AutoNation heard from other business leaders, Cannon said. They said things like, "'We're doing the same thing; we just didn't want to share it publicly.'"
Relaxed attitudes among employers are spreading from states where recreational marijuana is legal to those where it's lawful only for medical use, such as Michigan and New Hampshire.
Janis Petrini, who owns an Express Employment staffing agency in Grand Rapids, Michigan, says that with the area's unemployment rate below 3 percent, employers are growing desperate. Some are willing to ignore the results of drug tests performed by Express, which still screens for marijuana and won't place workers who test positive.
"We have had companies say to us, 'We don't worry about that as much as we used to,'" Petrini said. "We say, 'OK, well, we are still following our standards.' "
One of Reidy's clients, a manufacturer in New Hampshire, has dropped marijuana testing because it draws some workers from neighboring Massachusetts and Maine, which have legalized pot for recreational use. Another client, which runs assisted living facilities from Florida to Maine, has stopped testing its housekeeping and food service workers for marijuana.

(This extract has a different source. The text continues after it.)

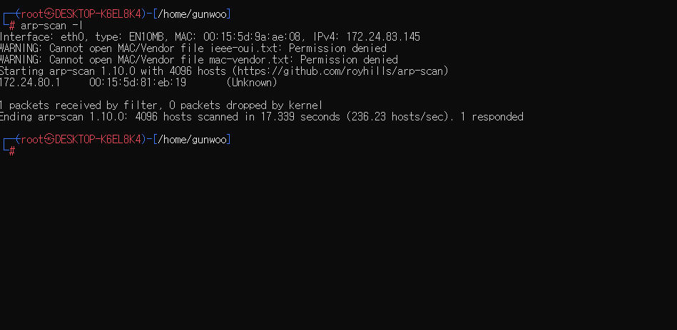 arp-scan 을 통해 주변에 보이는 OS 들을 포착할수 있다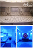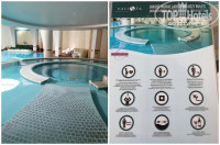 Море с полосой мелкой гальки, у берега не глубоко, дно твердое, без илистого песка, нет мути, даже когда сильно накатывают волны. Мелкие рыбешки резвятся в прозрачной воде на солнышке. В тёмное время суток под пирсом столпотворение здоровенных рыбин, интересно за ними наблюдать. Замер воды в море показал 23-24 градуса, как альтернатива ему подогреваемый бассейн на открытом воздухе, уже в 9 утра - 31 градус. Крытый, с детской и джакузи чашами, чуть похолоднее.

The stigma surrounding marijuana use is eroding, compounding pressure on employers to stop testing. Sixty-four percent of Americans support legalizing pot, a Gallup poll found, the highest percentage in a half-century of surveys.
In Las Vegas, where recreational use is legal, marijuana dispensaries "look almost like Apple stores," said Thoran Towler, CEO of the Nevada Association of Employers.
Many high-tech companies have been moving from California to Nevada to escape California's high costs, and they're seeking workers. Towler says the most common question from his 400 member executives is, "Where do I find employees?"
He estimates that roughly one-tenth of his group's members have stopped testing for marijuana out of frustration.
"They say, 'I have to get people on the casino floor or make the beds, and I can't worry about what they're doing in their spare time,'" Towler said.